Copy the data precisely, character for character, and leave out every picture.

# Data provided
[Start of section]
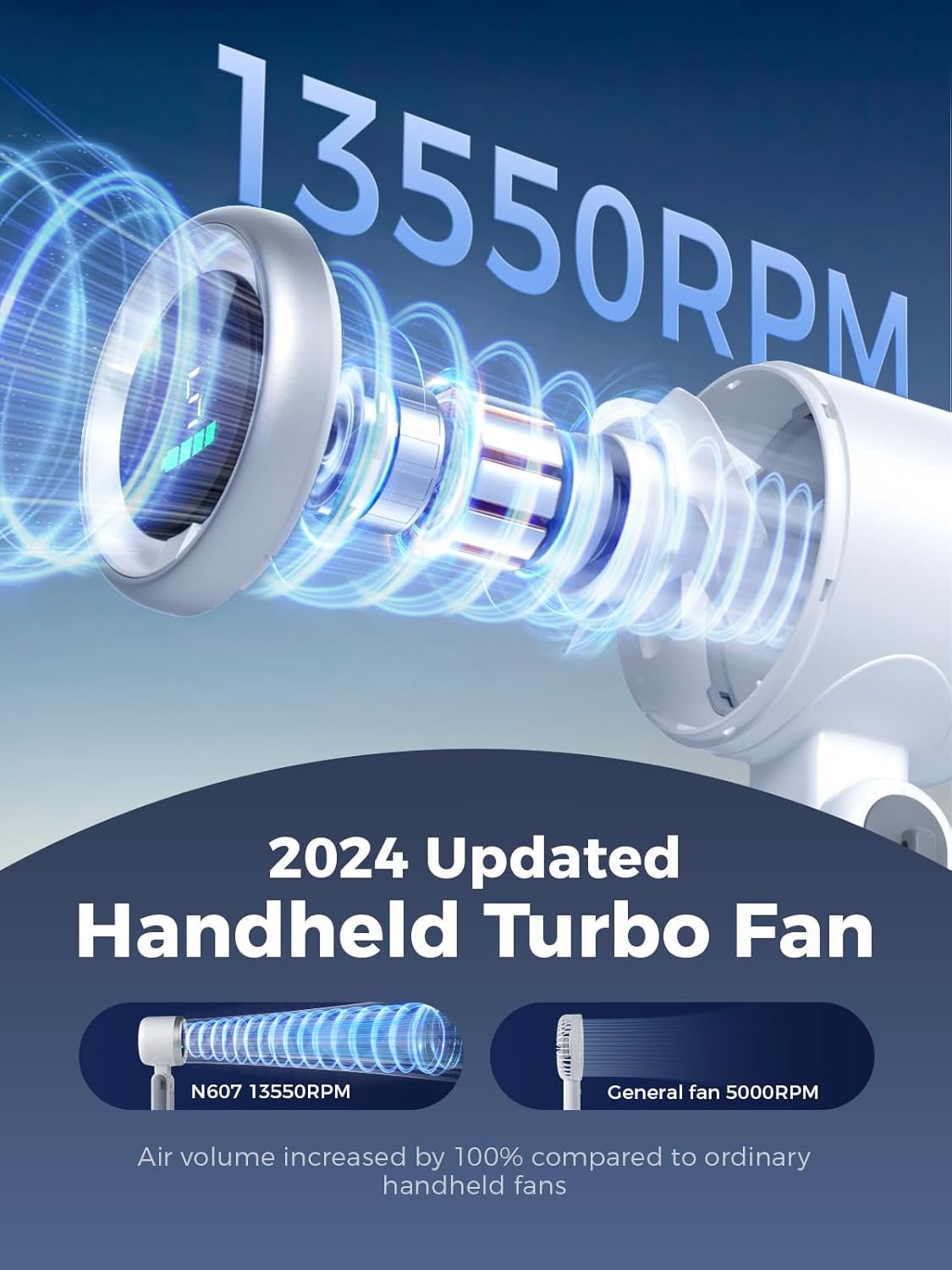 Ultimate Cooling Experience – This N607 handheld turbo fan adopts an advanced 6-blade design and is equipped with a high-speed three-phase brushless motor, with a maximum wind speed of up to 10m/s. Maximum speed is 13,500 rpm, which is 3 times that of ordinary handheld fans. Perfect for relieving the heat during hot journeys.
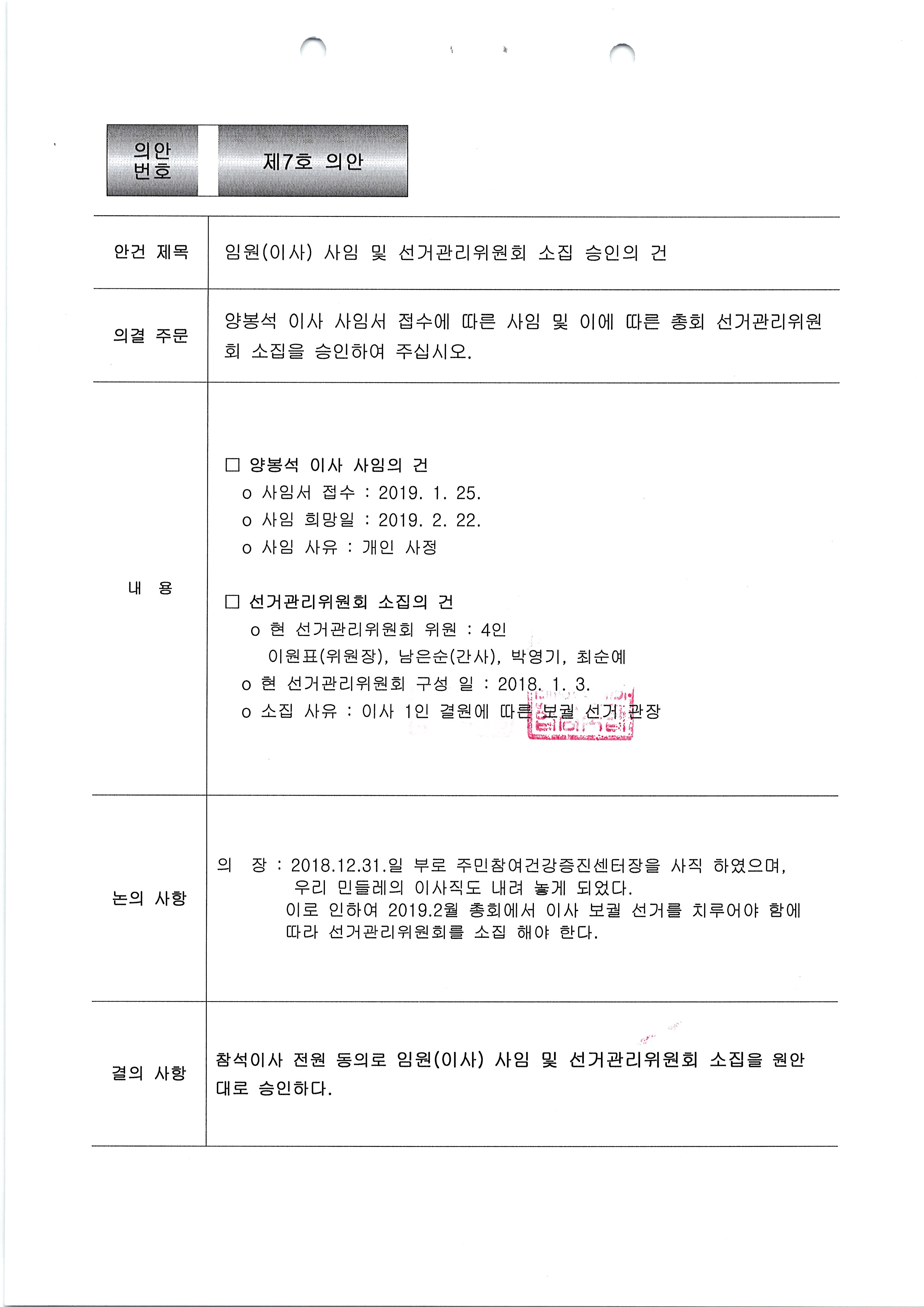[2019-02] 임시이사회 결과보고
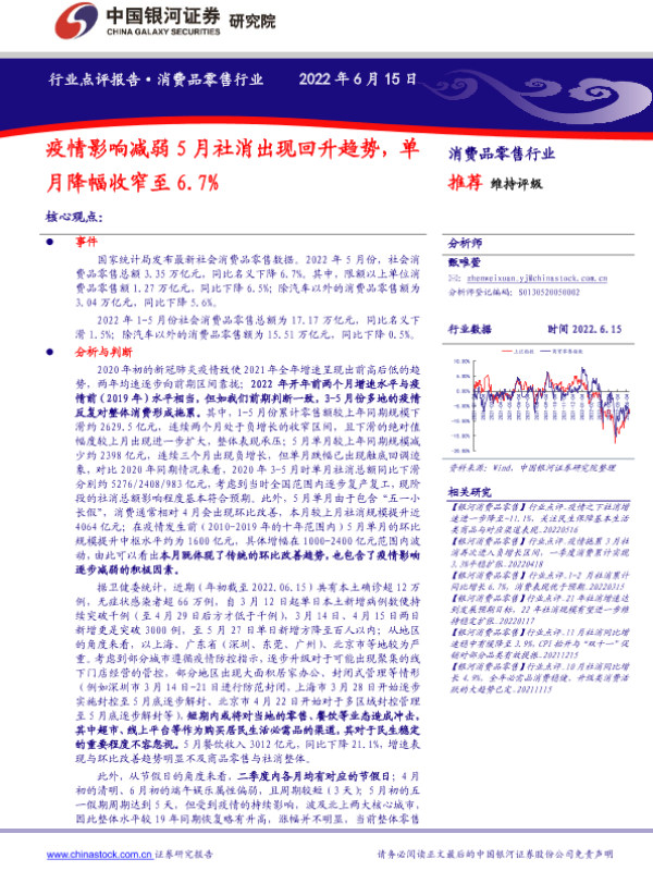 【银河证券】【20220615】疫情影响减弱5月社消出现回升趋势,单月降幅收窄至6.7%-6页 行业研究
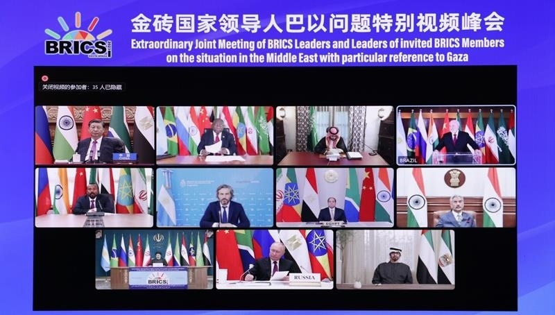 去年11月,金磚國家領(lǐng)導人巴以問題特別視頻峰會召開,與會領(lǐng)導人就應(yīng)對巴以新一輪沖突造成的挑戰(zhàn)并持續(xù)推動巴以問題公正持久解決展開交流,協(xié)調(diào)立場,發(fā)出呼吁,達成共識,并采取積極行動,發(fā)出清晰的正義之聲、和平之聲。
[End of section]
# Result
 Ultimate Cooling Experience – This N607 handheld turbo fan adopts an advanced 6-blade design and is equipped with a high-speed three-phase brushless motor, with a maximum wind speed of up to 10m/s. Maximum speed is 13,500 rpm, which is 3 times that of ordinary handheld fans. Perfect for relieving the heat during hot journeys.
[2019-02] 임시이사회 결과보고
 【银河证券】【20220615】疫情影响减弱5月社消出现回升趋势,单月降幅收窄至6.7%-6页 行业研究
 去年11月,金磚國家領(lǐng)導人巴以問題特別視頻峰會召開,與會領(lǐng)導人就應(yīng)對巴以新一輪沖突造成的挑戰(zhàn)并持續(xù)推動巴以問題公正持久解決展開交流,協(xié)調(diào)立場,發(fā)出呼吁,達成共識,并采取積極行動,發(fā)出清晰的正義之聲、和平之聲。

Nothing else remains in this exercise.